• Work request
In the entries below, find the line with "Crown Shy occupies" and the line with "[Hue] | Adjust". Repeat exactly everything between them, those two lines included, but not the pictures.

---- Data to examine

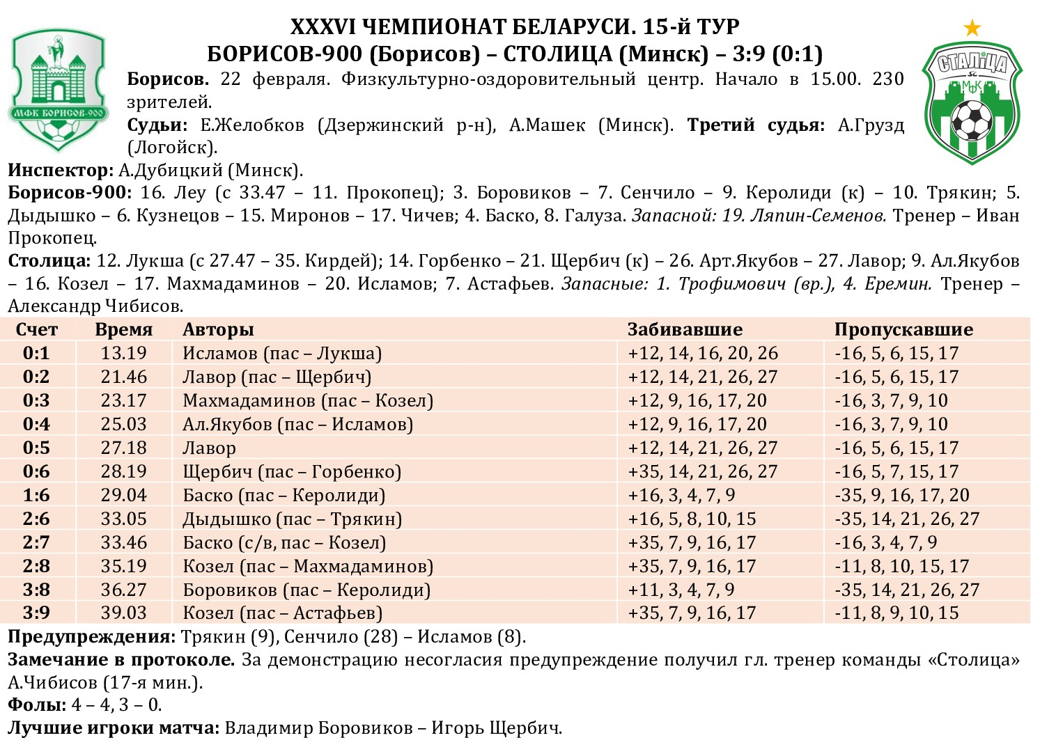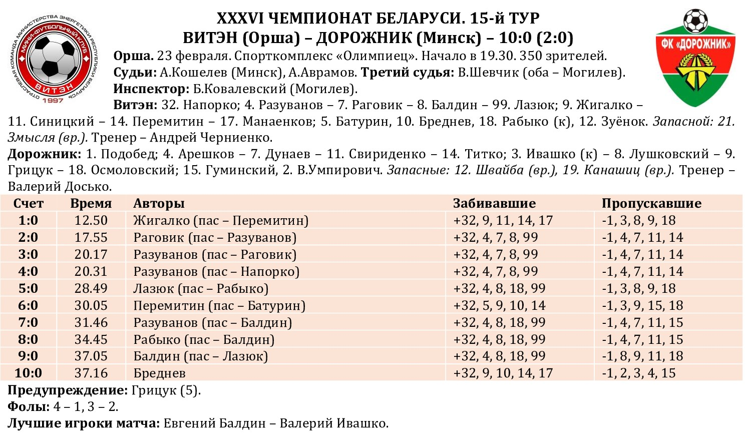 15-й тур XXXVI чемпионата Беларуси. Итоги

--------
---- Data to examine

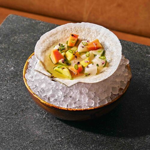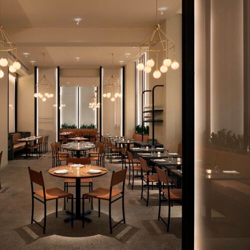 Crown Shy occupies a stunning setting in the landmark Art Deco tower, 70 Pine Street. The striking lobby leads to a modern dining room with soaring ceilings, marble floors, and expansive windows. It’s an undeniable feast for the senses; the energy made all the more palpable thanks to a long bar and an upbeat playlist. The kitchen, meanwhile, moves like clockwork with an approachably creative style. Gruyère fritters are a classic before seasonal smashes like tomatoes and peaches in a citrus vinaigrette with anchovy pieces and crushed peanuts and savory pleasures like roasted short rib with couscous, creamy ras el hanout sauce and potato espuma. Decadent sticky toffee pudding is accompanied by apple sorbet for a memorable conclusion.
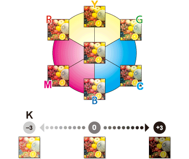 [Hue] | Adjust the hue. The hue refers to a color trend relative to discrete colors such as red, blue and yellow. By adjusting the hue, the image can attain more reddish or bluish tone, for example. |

--------

• Written answer
 Crown Shy occupies a stunning setting in the landmark Art Deco tower, 70 Pine Street. The striking lobby leads to a modern dining room with soaring ceilings, marble floors, and expansive windows. It’s an undeniable feast for the senses; the energy made all the more palpable thanks to a long bar and an upbeat playlist. The kitchen, meanwhile, moves like clockwork with an approachably creative style. Gruyère fritters are a classic before seasonal smashes like tomatoes and peaches in a citrus vinaigrette with anchovy pieces and crushed peanuts and savory pleasures like roasted short rib with couscous, creamy ras el hanout sauce and potato espuma. Decadent sticky toffee pudding is accompanied by apple sorbet for a memorable conclusion.
 [Hue] | Adjust the hue. The hue refers to a color trend relative to discrete colors such as red, blue and yellow. By adjusting the hue, the image can attain more reddish or bluish tone, for example. |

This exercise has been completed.